Move on from Tiger Woods: Chamblee makes the case for a different U.S. captain
While the Woods captaincy debate dominates headlines, Golf Channel analyst Brandel Chamblee thinks American golf is fixating on the wrong name. His pick for Adare Manor is Justin Leonard, arguing that Woods has plenty of time to captain future teams and is currently too consumed by PGA Tour governance work.
Chamblee also pointed to Tiger Woods’s personal circumstances, noting his desire to spend time with Charlie at home and a likely interest in competing on the PGA Tour Champions. In his view, the Big Cat simply has bigger priorities right now than absorbing the full weight of a Ryder Cup captaincy.

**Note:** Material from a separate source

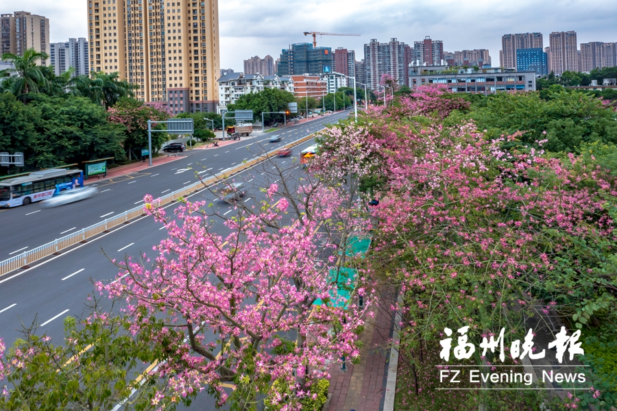 福飞路上的美人树。 福州新闻网10月25日讯(福州晚报记者 陈丹/文 陈暖/摄)福州的秋天是什么颜色?美人树说,福州的秋天,是浪漫的粉红色;树中“谦谦君子”栾树则说,秋在枝头栾树花。 福飞路的“浪漫粉”,无疑是福州秋日里最亮丽的风景之一。作为福州种植美人树的重要道路之一,眼下,福飞路进入一年中最绚丽的时期。一眼望去,满树繁花宛如粉色云霞。不少人来到这里,欣赏秋日这抹迷人的粉色。 美人树,学名美丽异木棉,从每年的夏末到冬季,花期不断。美人树遮阳效果极好,还有很强的吸附有害浮尘和化解二氧化硫的能力,是优良的城市绿化树种。 据悉,除了福飞路,远洋路、鹤林路、国货东路、南江滨东大道等处均大面积种植美人树。光明港公园、晋安河公园等一些公园内的美人树也进入了盛花期。 |

The argument has practical logic behind it. The captaincy is not a ceremonial role. It demands months of preparation, player relationship-building, and strategic planning. A captain who cannot fully commit to that process puts the team at a disadvantage before competition even begins.
Bradley’s 2025 defeat at Bethpage Black has intensified the pressure. With the United States looking to reclaim the trophy in Ireland, Chamblee’s broader point is straightforward: find the person most able to do the job now, rather than waiting on a decision that may never come.